Земная твердь захлопнулась, будто пасть насытившегося зверя, и лишь набежавший ветер взъерошил ковыль.

Хлопец огляделся, утренняя зарница щедро заливала восток кровью побежденной ночи. Узкий, как сабельный клинок, алый край солнца прорезал устилающий степь утренний туман.

«Помогай, Господи, не опоздать бы! – прошептал Иван, глянул на серого побратима, перекрестился и сделал шаг. В разрыве тумана вдруг ясно обозначилась высокая скала, крепость на ней и могучий Днепр, катящий валы к далекому морю.

– Да неужто?! – ахнул Сирко. – Вот так так! Стало быть, успел!»

* * *

Чайка ходко шла против течения.

– Давай, навались! – слышался с борта знакомый голос ватажника. – На том свете отоспимся!

Казаки с силой налегали на весла, ища привычные, знакомые сечевикам места, где натиск волн был не так силен.

– Навались, навались!

Иван Сирко поднялся с пенька, глянул на костерок, поправил саблю и замахал руками.

– Эгей! Эге-гей! – Он не без удовольствия заметил, как вытянулось лицо атамана Лихолета, и радостно закричал, потешая казацкую братию: – Что-то вы припозднились, я уж тут к заутренней сходил, окуньков наловил, вам вот в глине испек, попотчуйтесь, не побрезгуйте!

Шедшие на чайке казаки захохотали в голос от такого курьеза. Максим Лихолет дал знак, и корабль направился к берегу. Он смотрел, не отрываясь, не мог поверить, что ушлый малый поспел к означенному часу.

– Ловко ты, ловко! – высаживаясь у костра, процедил ватажник, глядя то на парня, то на лежавшего рядом волка. – Что ж, замолвлю за тебя слово на Сечи. Может, и впрямь добрым казаком станешь. Как только прозывать тебя? Не Сверкопятом ли?

– Я уж сказывал, зовут меня Иваном, а кличут Сирко. – Казачий сын положил ладонь на холку матерого спутника. – Он Сирко, и я Сирко.

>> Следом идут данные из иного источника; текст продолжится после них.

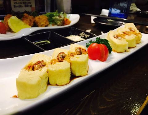 嘛…微妙…抱着很大的希望来的却得到这样的结果_(:з」∠)_首先点的鸡肉丸子(酱),蒜香肥肠,煮海螺。赠送了毛豆,很棒!毛豆的还保留着有咬劲的口感,咸味也正好,让人一口接一口停不下来,火候相当不错!肥肠也是外酥里嫩完全没有脏气味,外酥里嫩还配上了炒好的蒜瓣,鸡肉丸子肉汁很足,最惊艳的是煮海螺,腥味去得干净,而且不老,弹性十足让人愉悦…于是又追加了紫薯奶酪卷和黄油炒鱿鱼肝(注意这个名字)接下来问题来了…_(:з」∠)_两道菜都上错了…奶酪卷变成了蛋卷…这道及时换了…鱿鱼肝变成了鱿鱼…………可惜后来心好累就算了2333π_π新上的紫薯春卷也许是因为着急…火候差了一些…馅是温的!是温的啊…奶酪还是咸咸一坨完全没化开…更可怕的是Σ(・ω・ノ)ノ皮还有部分是软的没熟啊…咿…这是推荐菜……?接下来变身成鱿鱼的鱿鱼肝…不…应该说已经变成鱿鱼肝了…好老…而且好咸…换厨师了?之前完美的调味和火候呢…还有最后那一丝腥味…有点明白为什么会那么咸了…_(:з」∠)_下面那坨配菜……已经真的炒成一坨了…总之…有好有坏吧…气氛还是不错的…微妙…

Легко запомнить.

– Ишь ты! – оскалился ватажник. – Всякий тут норовит себе имечко придумать, чтоб аж вороны с крестов шарахались. Да только многого ли ты в бою стоишь, Иван Сирко? Может тебя и не Сирко вовсе звать, а Усирко?

Привычные к грубым шуткам сечевики захохотали, но отрок и бровью не повел.

– А ты испытай. Чего языком рожь молотить?

– Скажешь тоже – мне с тобой тягаться! Свои же на смех поднимут – связался черт с куренком. Да и как тягаться-то? Я ж плечом только поведу – ты драпака задашь – так и на коне не догонишь!

– Твоим бы языком, атаман, да ядра в пушки закидывать! Только палить бы и успевали! А вот ставлю саблю, что тебе меня не одолеть.

Глаза Лихолета сверкнули неподдельным интересом.

– Что ж, дело хорошее! Да только ж уговор – потом мамке в подол не плакаться, что злой дядька цацку отобрал. Ну что, как желаешь: на кулачках, на поясах или, может, по-мужски на саблях до крови схватимся?

– Так это ж ты муж хоробрый, ты саблю и бери. А я так, по-отроковски, на кулаках, – насмешливо ответил Иван.

– Ну, гляди, все мне тут свидетели, ты сам этого захотел…

Сабля ватажника быстро покинула ножны и свистнула над головой Сирко. Тот легко уклонился, затем столь же ловко ушел от пластующих ударов слева и справа. А затем… сечевики даже вскочили, не поверив глазам: один кулак резвого огольца врезался под ребра Лихолета с такой силой, что тот замер с открытым ртом, не закончив взмаха. В следующий миг второй кулак Ивана, как таран в крепостные ворота, грохнул в челюсть, опрокидывая ватажника наземь.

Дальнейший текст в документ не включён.